For a Banking example,we have following relations:

branch(branch-name, branch-city, assets)
customer(customer-name, customer-street, customer-city)
account(account-number, branch-name, balance)
loan(loan-number, branch-name, amount)
depositor(customer-name, account-number)
borrower(customer-name, loan-number)

Find the names of all customers who have an loan at the Perryridge branch.

we have following queries:

\[ \Pi_{customer-name}(\sigma_{branch-name='Perryridge'}(\sigma_{borrower.loan-number=loan.loan-number}(borrower \times loan))) \]

and

\[ \Pi_{customer-name}(\sigma_{borrower.loan-number=loan.loan-number}(borrower \times \sigma_{branch-name='Perryridge'}(loan))) \]

query 2 is better because it reduced the size of Cartesian product.

Find the names of all customers who have loans at the Perryridge branch but do not have an account at any branch of the bank.

Just use the result above and do a set difference operation.

\[ result- \Pi_{customer-name}(depositor) \]

Find the largest account balance (i.e., self-comparison)

这个例子很好的揭示了rename操作是必要的
Step 1： Rename account relation as \(d\)
Step 2: Find the relation including all balances except the largest one
Finally, find the largest balance in the relation

\[ \Pi_{balance}(account)-\Pi_{account.balance}(\sigma_{account.balance < d.balance}(account \times \rho_d(account))) \]

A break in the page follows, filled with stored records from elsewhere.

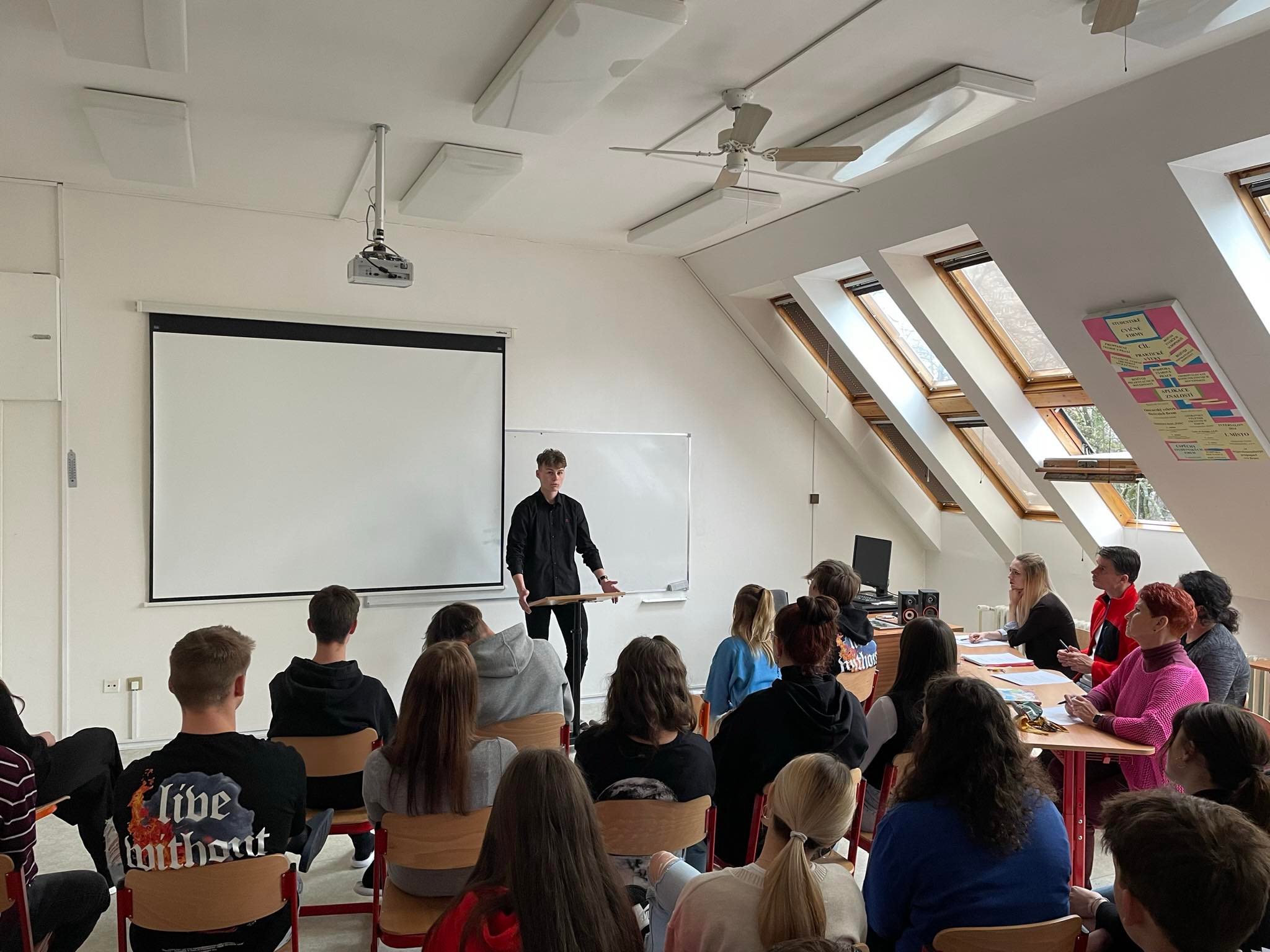 Koncem dubna se na naší škole konala již tradiční soutěž v mluveném projevu na téma "Problém, který se týká i mě". Žáci 1. ročníku změřili své řečnické dovednosti a do finále postoupilo 5 řečníků. Za nejlepšího rétora byl nakonec vyhlášen Phillip Bartecký s tématem Učení. Phillip vybojoval cenu diváků i poroty.
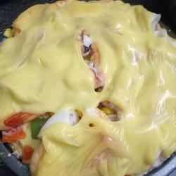 3. Knead the dough into a cake and spread it on the baking sheet, brush it with tomato sauce and cheese.Then put all the ingredients, and then top with cheese
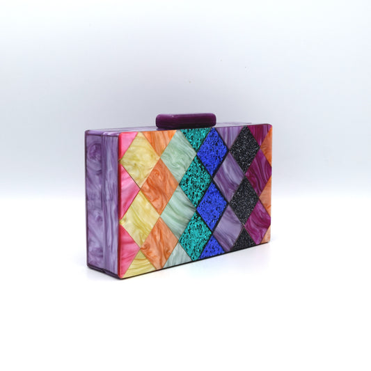 Chic and durable, our acrylic clutches offer a splash of color and sophistication to any outfit. Perfect for adding a touch of modern elegance.
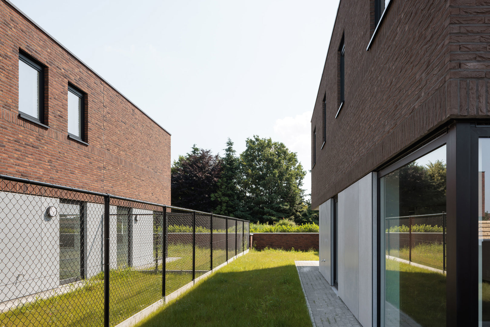 Duurzaamheid wordt benaderd op ruimtelijk, sociaal en constructief niveau. Door woningen te clusteren wordt de footprint beperkt en blijft een groot deel van de site groen en doorwaadbaar. Elke woning krijgt dubbele oriëntaties voor optimale lichttoetreding, natuurlijke ventilatie en een gezond binnenklimaat. De heldere planopbouw met een logisch structureel raster laat flexibiliteit en aanpasbaarheid op lange termijn toe. Materialiteit speelt eveneens een rol: robuuste baksteen en een betonnen plint zorgen voor een duurzame en onderhoudsvriendelijke architectuur. De integratie van tuinen, hagen en collectieve groene ruimtes versterkt biodiversiteit en stimuleert sociale interactie tussen bewoners.
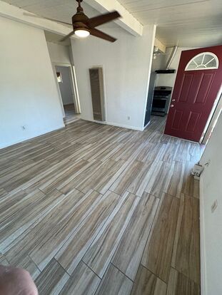 As you enter the home from the front door into the living room you will see abundant natural light. The living room has a ceiling fan, exposed wood beam ceiling (painted white) and neutrally colored wood-plank style flooring.
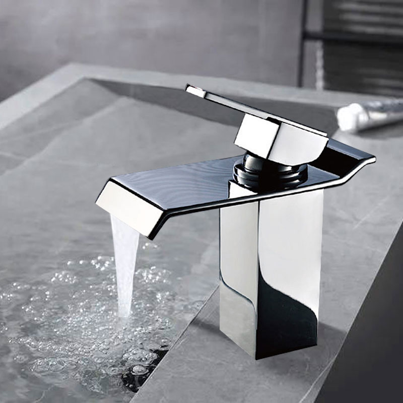 Economical Brass Sink Faucet Single Hole Hot and Cold Water Inlet Waterfall Basin Taps
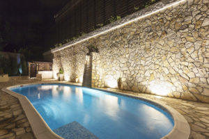 Modern outdoor private swimming pool at night
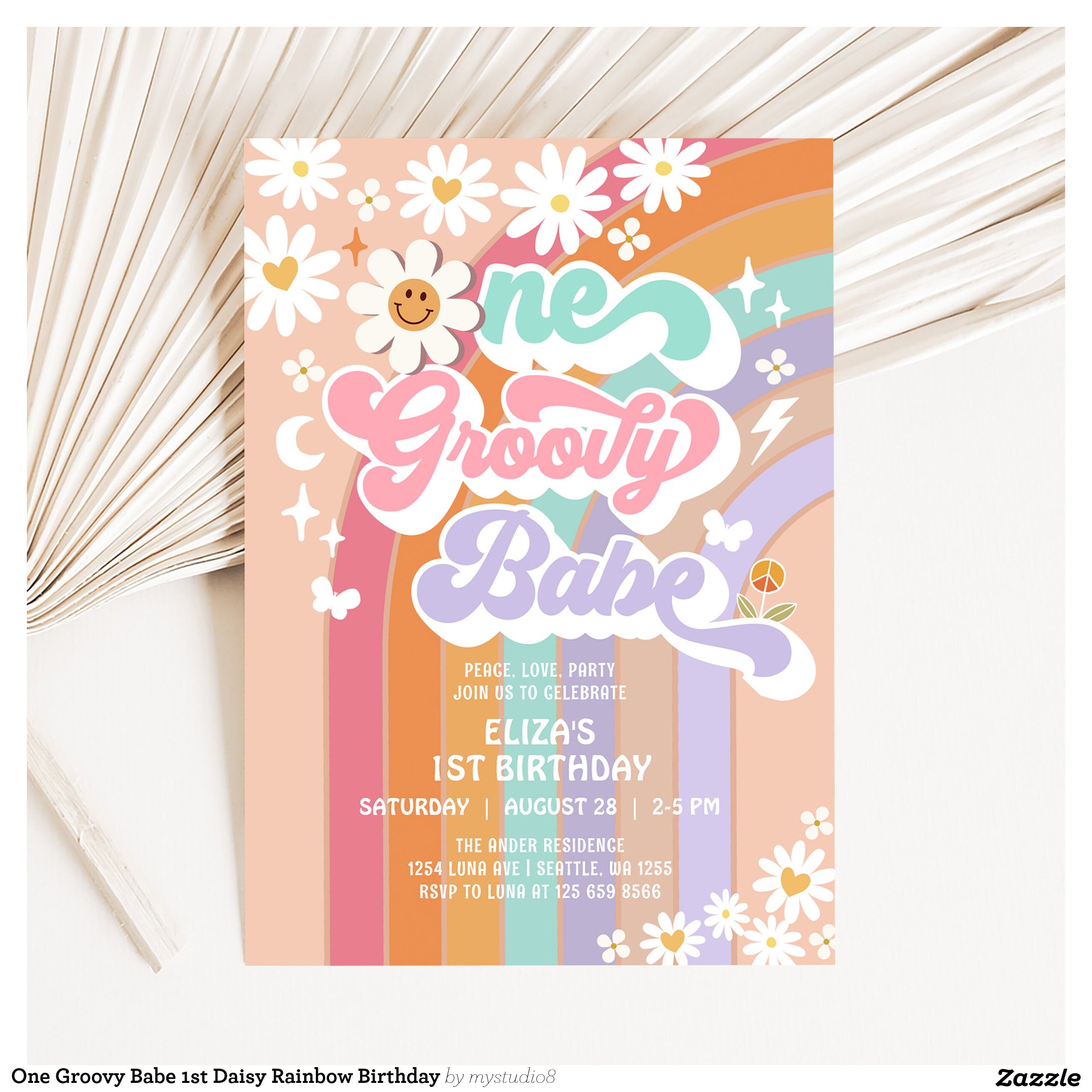 One Groovy Babe 1st Daisy Rainbow Birthday Invitation

例如一个(4x1)表其中含有1,2,3,4;那么Cartesian product之后会得到(16x2)的表，上面减号右边的表达式会取出例如[1,2],[1,3],[1,4];[2,3]...[3,4]这样的表，然后再投影到account balance上就得到了不包含最大值的所有项，然后进行set difference就OK了

Additional Relation-algebra Operations¶

Although using the six fundamental operations is enough for any query requirements,the additional operations simplify common queries.

Remember,the additional operations do not add any power to the relational algebra.

Set Intersection¶

Notation: \(r \cap s\)

Defined as:

\[ r \cap s = \{ t | t \in r \land t \in s\} \]

requirements are same as set difference since

\[ r \cap s = r-(r-s) \]

Natural join¶

Notation: \(r \bowtie s\)

Example: R=(A,B,C,D),S=(B,D,E)

Result schema of the natural-join of \(r\) and \(s\) = (A, B, C, D, E)
\(r \bowtie s= \Pi_{r.A,r.B,r.C,r.D,s.E}(\sigma_{r.B=s.B \land r.D=s.D}(r \times s))\)

Theta Join Operation¶

Notation: \(r \bowtie_\theta s\) where \(\theta\) is the predicate on attributes in the schema

Theta join: \(r \bowtie_\theta s= \sigma_theta(r \times s)\)

Division¶

Division operation suited to queries that include the phase "for all"

与算数一样，除法就是乘法的逆运算

Notation: \(r \div s\)

assume R and S are relation schemas for relation \(r\) and \(s\)

\[ r \div s = t, t \in \Pi_{R-S} \land \forall u \in s ,tu \in r \]

即剩下的\(t\)必须在原relation中与s中所有元素都有元组的组合

Eg

Find all customers who have an account from at least the “Downtown” and the “Uptown” branches.

\[ \Pi_{customer-name,branch-name}(depositor \bowtie account) \div \rho_{temp}(branch-name)(\{('downtown'),('uptown')\}) \]

Assignment¶

The assignment operation (\(\leftarrow\)) provides a convenient way to express complex queries.

Extended Relational-Algebra Operations¶

Generalized Projection¶

Extends the projection operation by allowing arithmetic functions to be used in the projection list.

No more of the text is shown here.